- **Work task**:
Given the material below, output exactly the lines from the line with "Svetloružová šušťáková zimná" to the line with "This tiny checks", both ends included, and no other lines.

- **Exercise data**:
*-*-*

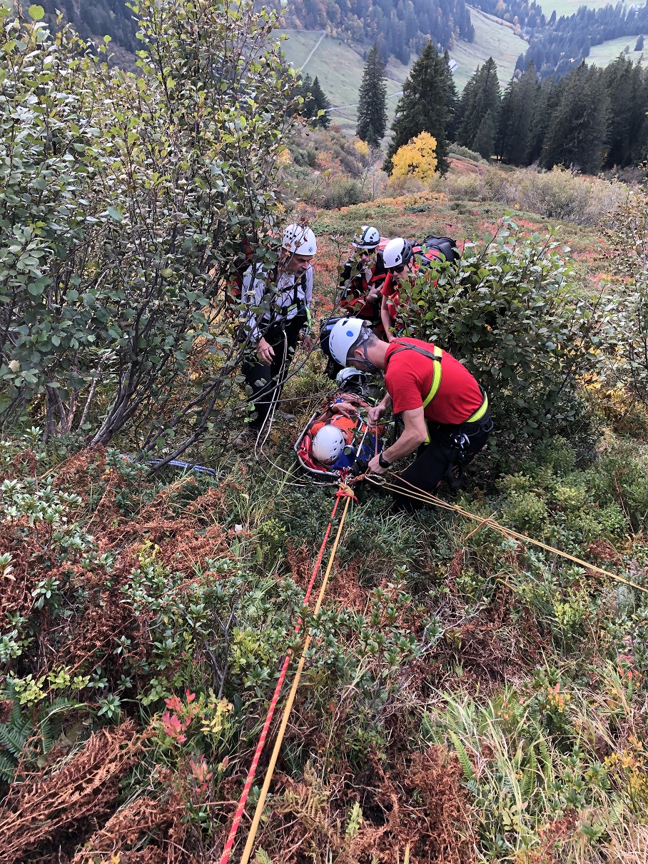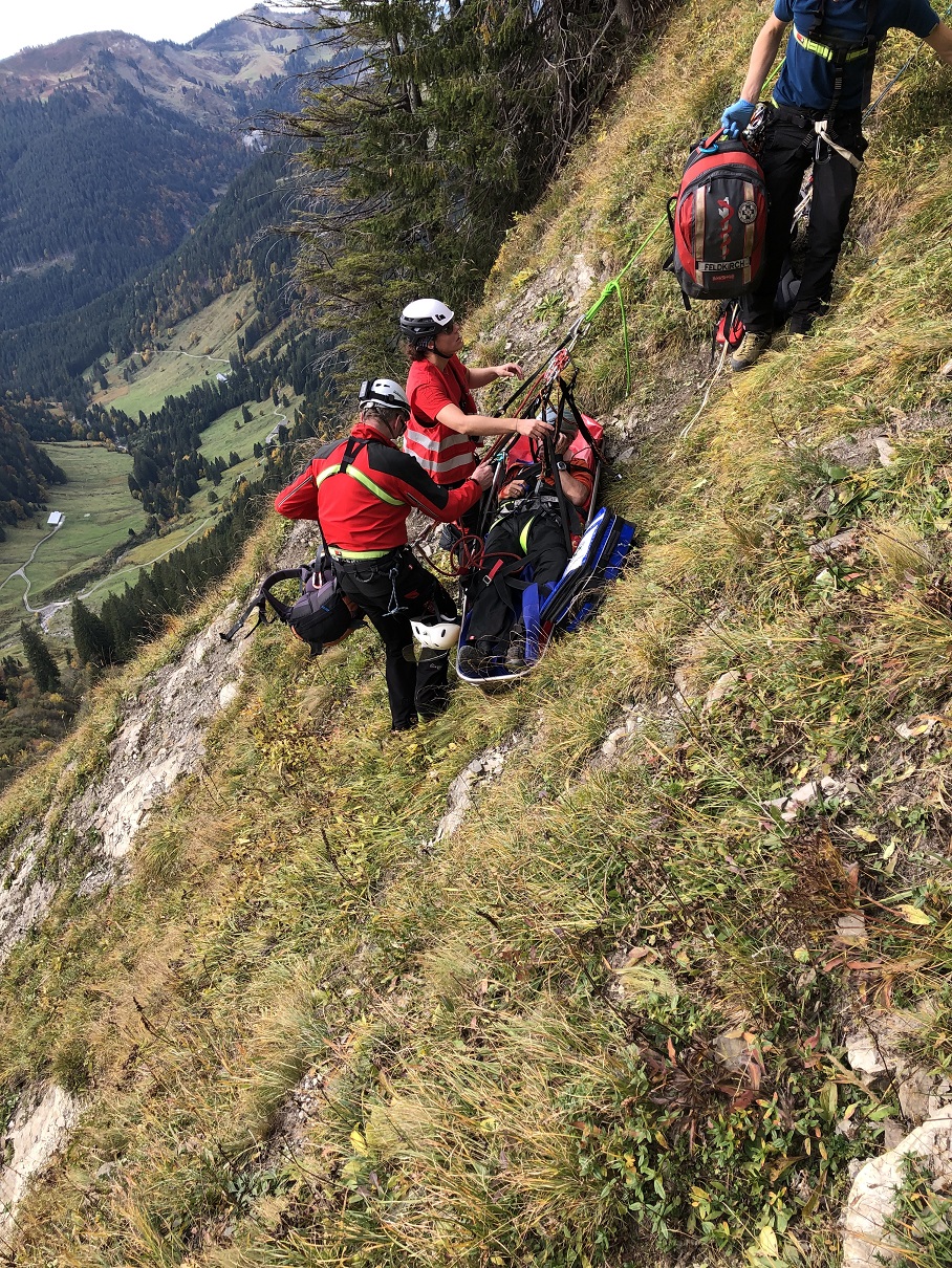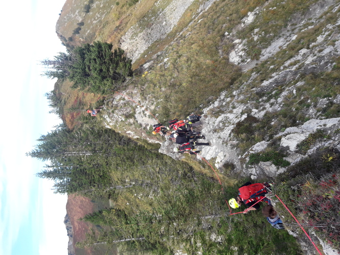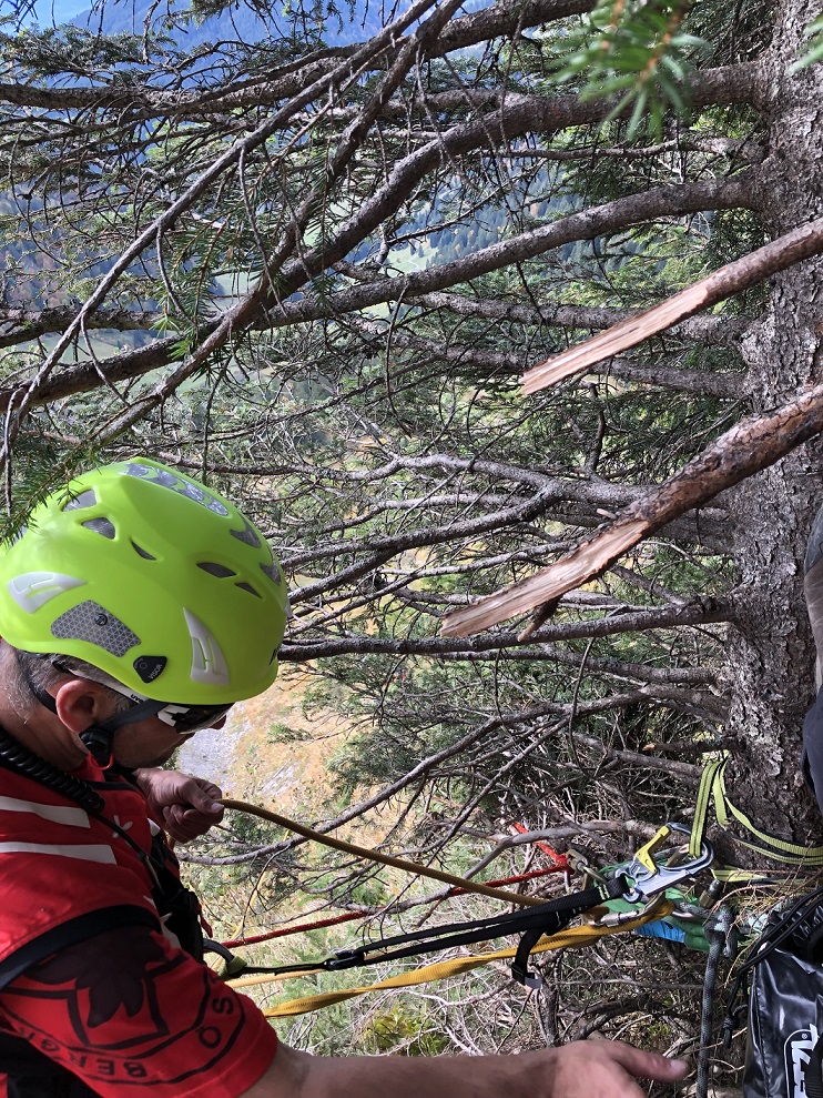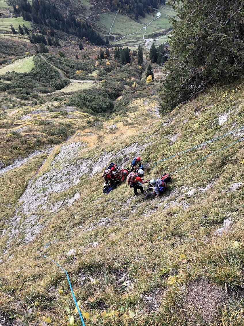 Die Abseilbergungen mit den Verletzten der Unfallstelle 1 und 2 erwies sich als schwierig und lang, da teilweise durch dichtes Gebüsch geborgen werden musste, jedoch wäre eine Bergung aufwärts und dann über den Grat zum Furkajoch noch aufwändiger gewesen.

*-*-*

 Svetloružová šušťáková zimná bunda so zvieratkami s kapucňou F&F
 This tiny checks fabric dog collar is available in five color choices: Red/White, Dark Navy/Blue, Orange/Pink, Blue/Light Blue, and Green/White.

*-*-*

- **Exercise response**:
 Svetloružová šušťáková zimná bunda so zvieratkami s kapucňou F&F
 This tiny checks fabric dog collar is available in five color choices: Red/White, Dark Navy/Blue, Orange/Pink, Blue/Light Blue, and Green/White.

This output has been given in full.